Extracted data entries
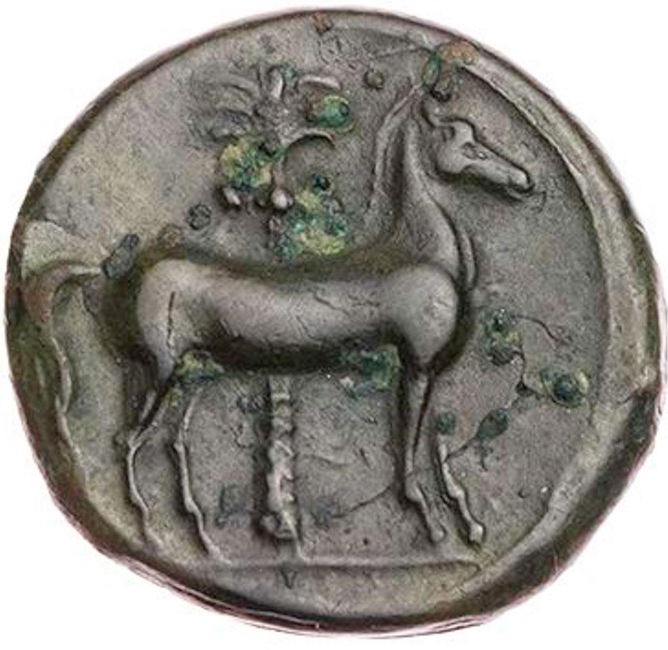 Pferd steht vor Dattelpalme n. r., davor rechts drei Punkte, Fadenkreis
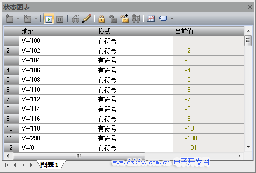 從VW100開始的100字分別為VW100-VW298寫入1-100數字。
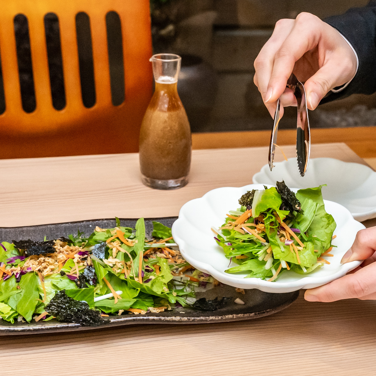 目の前でドレッシングをかけ、取り分けまでしてくれる甘やかしサービス付きです。
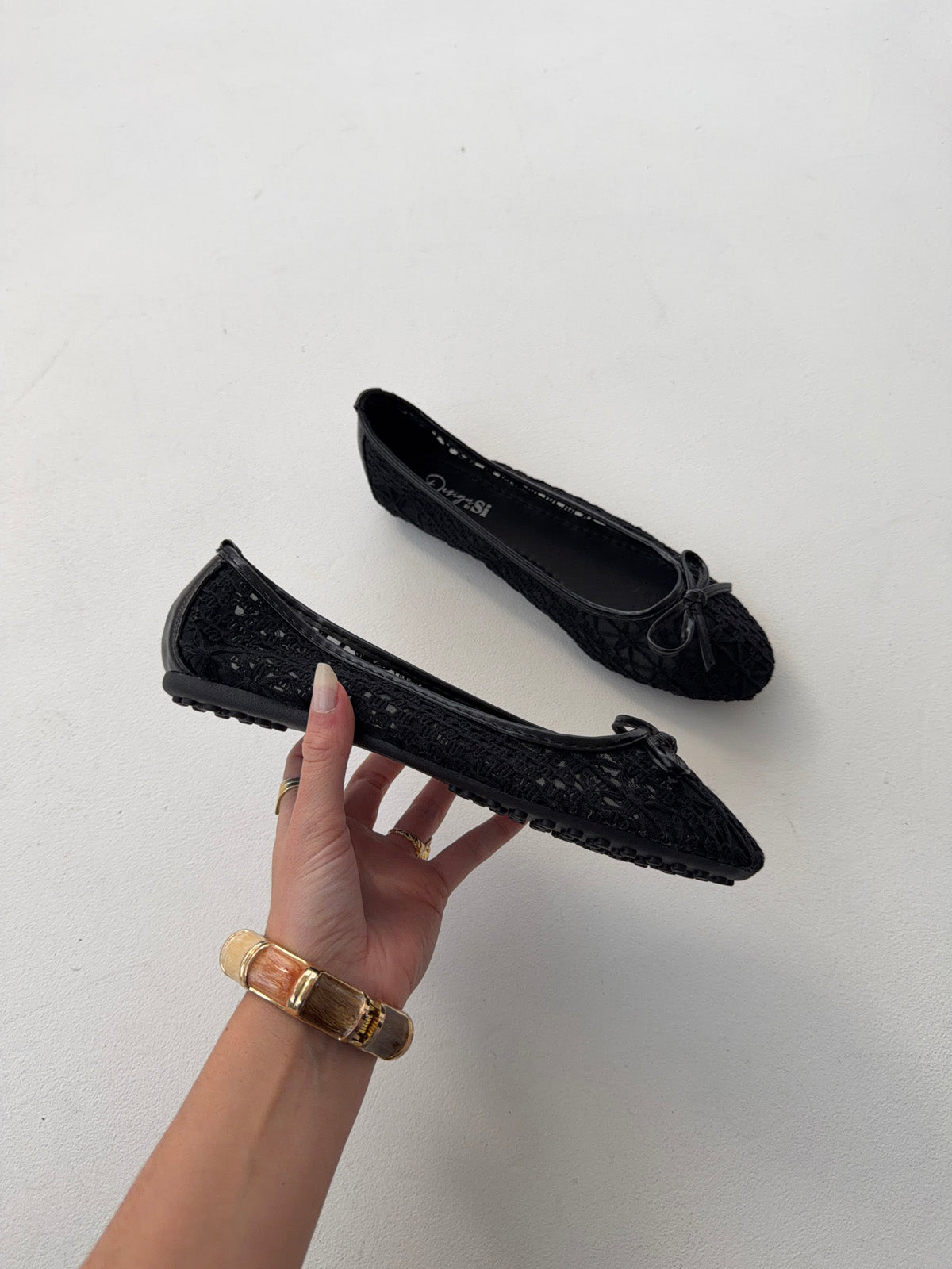 Capuchina ballerinas are an elegant and timeless choice that combine comfort with feminine design. Made from black, slightly perforated material with a subtle pattern, they give the shoe a sophisticated and airy look. The classic rounded toe and the delicate bow detail at the front complete the design, while the soft sole ensures great comfort – perfect for both everyday wear and more elegant occasions.
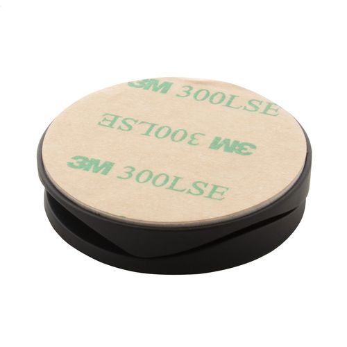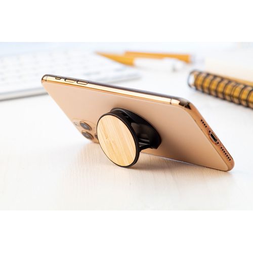 Bamboo covered, round shaped, plastic mobile holder with self-adhesive base.
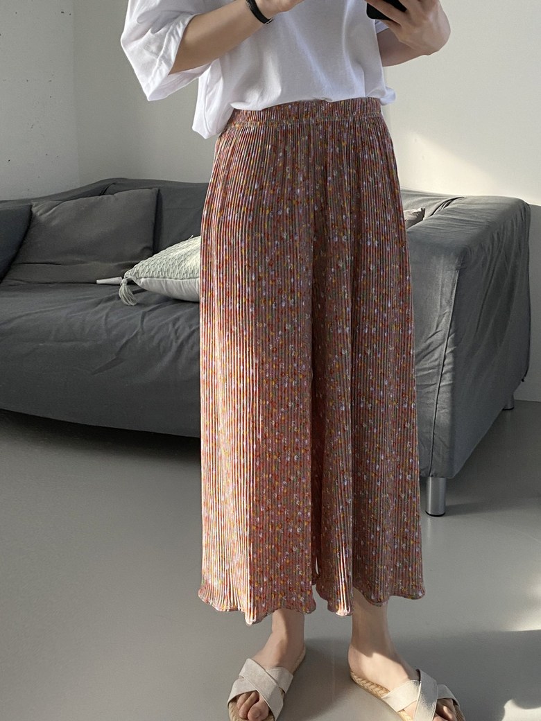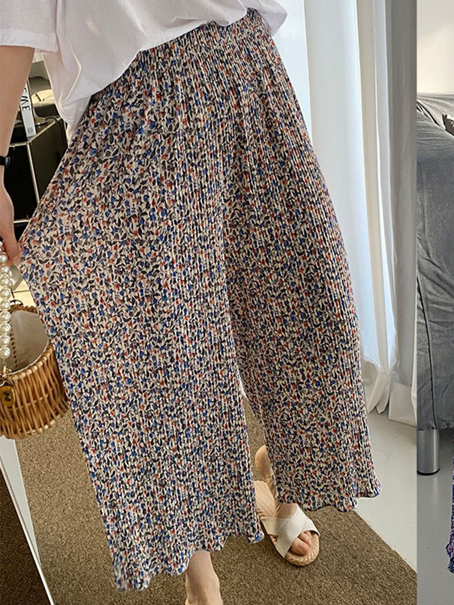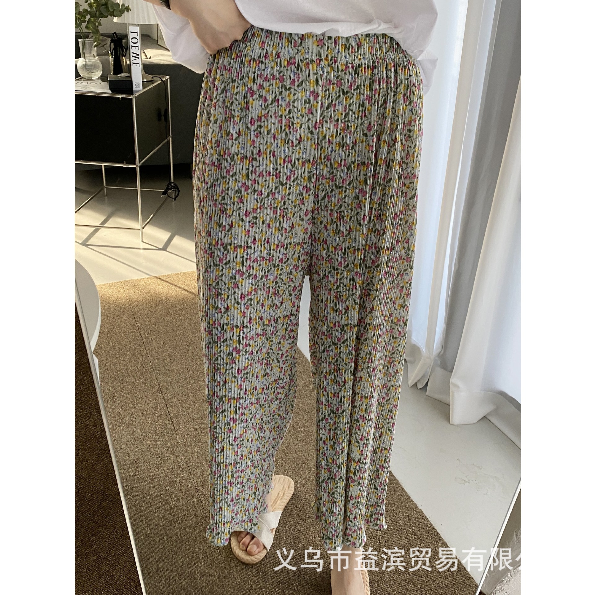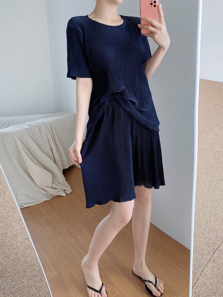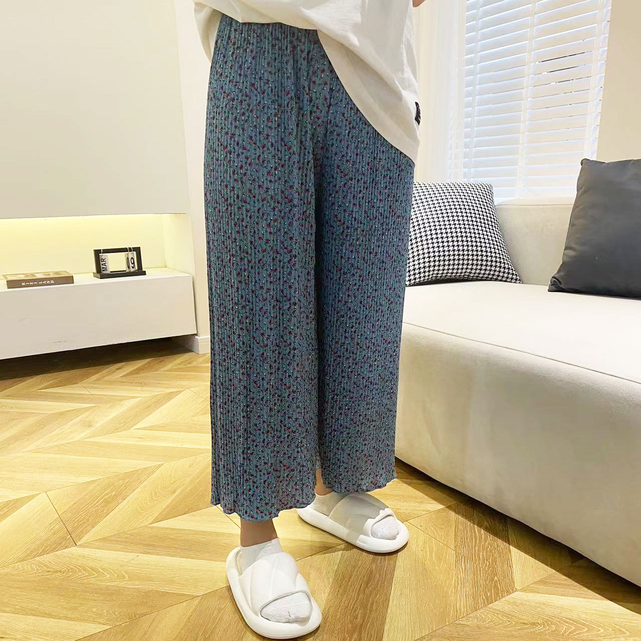 여름 신작 라운드 넥 반팔 탑, 5부 팬츠, 루즈하고 편안한 꽃무늬 주름진 시원한 파자마 세트, 여성이 밖에서 입는다스토어 가기

* Problem description: An exact copy is required of the lines from the start of the records above through the line with "目の前でドレッシングをかけ、取り分けまでしてくれる甘やかしサービス付きです。", and only those, without any pictures.

* Solution to this task:
 Pferd steht vor Dattelpalme n. r., davor rechts drei Punkte, Fadenkreis
 從VW100開始的100字分別為VW100-VW298寫入1-100數字。
 目の前でドレッシングをかけ、取り分けまでしてくれる甘やかしサービス付きです。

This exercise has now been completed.